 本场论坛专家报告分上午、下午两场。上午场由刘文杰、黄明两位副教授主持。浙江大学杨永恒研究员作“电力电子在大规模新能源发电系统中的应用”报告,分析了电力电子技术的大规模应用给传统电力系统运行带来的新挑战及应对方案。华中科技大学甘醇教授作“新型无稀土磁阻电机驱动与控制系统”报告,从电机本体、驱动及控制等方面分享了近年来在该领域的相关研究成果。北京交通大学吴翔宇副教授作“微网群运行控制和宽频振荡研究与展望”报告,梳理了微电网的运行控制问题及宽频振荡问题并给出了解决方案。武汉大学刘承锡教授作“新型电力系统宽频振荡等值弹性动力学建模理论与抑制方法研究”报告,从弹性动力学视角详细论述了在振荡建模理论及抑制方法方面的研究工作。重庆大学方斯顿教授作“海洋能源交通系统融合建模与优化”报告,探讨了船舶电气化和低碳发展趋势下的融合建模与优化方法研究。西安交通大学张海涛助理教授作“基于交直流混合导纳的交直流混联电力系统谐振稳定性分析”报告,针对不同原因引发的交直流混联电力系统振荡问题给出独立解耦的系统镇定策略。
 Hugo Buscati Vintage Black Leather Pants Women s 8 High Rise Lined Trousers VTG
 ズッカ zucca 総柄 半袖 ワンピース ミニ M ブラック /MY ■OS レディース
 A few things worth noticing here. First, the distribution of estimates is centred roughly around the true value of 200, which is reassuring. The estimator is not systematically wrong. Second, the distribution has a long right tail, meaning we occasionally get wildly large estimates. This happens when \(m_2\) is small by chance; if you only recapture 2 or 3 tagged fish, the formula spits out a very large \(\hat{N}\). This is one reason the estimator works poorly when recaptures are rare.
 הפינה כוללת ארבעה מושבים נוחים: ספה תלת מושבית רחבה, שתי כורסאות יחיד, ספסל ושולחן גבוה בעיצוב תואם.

....................

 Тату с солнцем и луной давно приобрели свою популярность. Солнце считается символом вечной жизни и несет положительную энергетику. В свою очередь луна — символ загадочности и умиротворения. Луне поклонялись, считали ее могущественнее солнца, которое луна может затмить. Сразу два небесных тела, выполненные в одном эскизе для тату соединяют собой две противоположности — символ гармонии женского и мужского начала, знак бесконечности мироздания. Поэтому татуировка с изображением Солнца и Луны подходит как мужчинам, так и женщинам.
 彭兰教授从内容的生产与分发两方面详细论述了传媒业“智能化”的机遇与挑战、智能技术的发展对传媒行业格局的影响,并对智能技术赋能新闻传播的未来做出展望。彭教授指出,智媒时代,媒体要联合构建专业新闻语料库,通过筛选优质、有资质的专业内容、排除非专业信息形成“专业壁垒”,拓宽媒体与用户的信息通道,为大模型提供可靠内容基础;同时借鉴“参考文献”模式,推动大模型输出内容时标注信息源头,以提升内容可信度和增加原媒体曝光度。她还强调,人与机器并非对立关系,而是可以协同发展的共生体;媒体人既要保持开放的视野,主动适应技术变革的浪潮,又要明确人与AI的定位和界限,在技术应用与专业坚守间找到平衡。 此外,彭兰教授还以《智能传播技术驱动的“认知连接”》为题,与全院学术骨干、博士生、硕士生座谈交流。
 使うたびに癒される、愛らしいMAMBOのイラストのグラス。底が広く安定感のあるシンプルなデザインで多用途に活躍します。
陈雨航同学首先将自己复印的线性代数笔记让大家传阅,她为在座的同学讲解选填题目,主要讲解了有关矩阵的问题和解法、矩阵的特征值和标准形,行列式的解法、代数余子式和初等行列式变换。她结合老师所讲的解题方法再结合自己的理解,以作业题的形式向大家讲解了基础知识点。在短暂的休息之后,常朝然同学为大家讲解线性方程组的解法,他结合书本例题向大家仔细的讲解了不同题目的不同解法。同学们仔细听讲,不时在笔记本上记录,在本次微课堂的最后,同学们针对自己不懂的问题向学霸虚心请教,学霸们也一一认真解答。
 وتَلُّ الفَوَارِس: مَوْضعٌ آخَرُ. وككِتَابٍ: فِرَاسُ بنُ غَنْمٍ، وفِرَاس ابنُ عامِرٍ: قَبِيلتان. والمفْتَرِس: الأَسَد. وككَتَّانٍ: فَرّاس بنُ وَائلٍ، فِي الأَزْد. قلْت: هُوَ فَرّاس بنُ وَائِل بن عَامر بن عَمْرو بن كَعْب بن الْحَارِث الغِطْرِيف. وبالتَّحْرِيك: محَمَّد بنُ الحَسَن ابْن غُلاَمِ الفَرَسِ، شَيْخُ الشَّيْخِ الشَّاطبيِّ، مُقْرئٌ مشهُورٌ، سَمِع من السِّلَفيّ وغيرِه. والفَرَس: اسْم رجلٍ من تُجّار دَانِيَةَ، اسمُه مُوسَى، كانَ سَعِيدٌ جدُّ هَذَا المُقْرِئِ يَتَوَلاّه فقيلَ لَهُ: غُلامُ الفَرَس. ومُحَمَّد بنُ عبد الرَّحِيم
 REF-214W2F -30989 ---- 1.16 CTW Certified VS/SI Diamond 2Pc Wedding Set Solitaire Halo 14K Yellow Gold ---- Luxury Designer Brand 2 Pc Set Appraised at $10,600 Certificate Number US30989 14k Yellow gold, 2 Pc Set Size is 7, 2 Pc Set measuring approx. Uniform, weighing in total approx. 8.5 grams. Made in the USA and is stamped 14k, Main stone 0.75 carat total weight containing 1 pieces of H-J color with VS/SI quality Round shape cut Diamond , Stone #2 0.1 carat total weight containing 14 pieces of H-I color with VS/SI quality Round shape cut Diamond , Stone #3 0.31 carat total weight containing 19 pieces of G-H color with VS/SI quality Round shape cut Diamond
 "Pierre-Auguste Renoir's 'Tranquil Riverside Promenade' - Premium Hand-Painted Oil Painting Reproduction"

....................

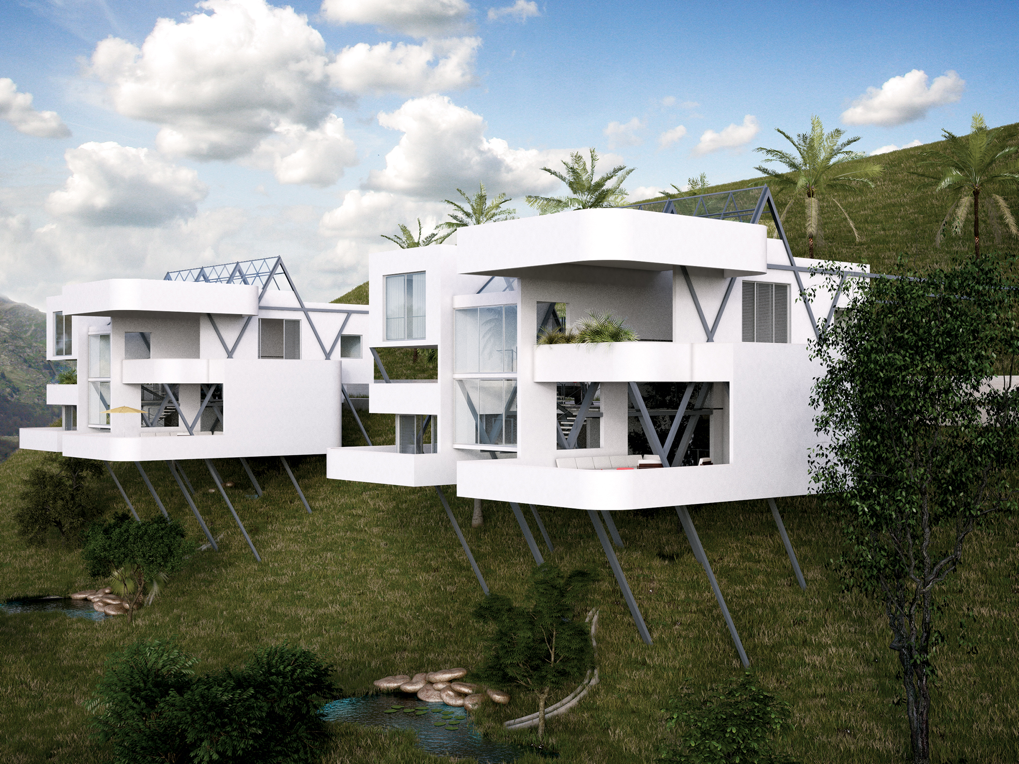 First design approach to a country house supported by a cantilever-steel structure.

....................

Please reproduce exactly the lines in the listing above from the one containing "A few things" through the one containing "הפינה כוללת ארבעה", both included, and nothing more.

 A few things worth noticing here. First, the distribution of estimates is centred roughly around the true value of 200, which is reassuring. The estimator is not systematically wrong. Second, the distribution has a long right tail, meaning we occasionally get wildly large estimates. This happens when \(m_2\) is small by chance; if you only recapture 2 or 3 tagged fish, the formula spits out a very large \(\hat{N}\). This is one reason the estimator works poorly when recaptures are rare.
 הפינה כוללת ארבעה מושבים נוחים: ספה תלת מושבית רחבה, שתי כורסאות יחיד, ספסל ושולחן גבוה בעיצוב תואם.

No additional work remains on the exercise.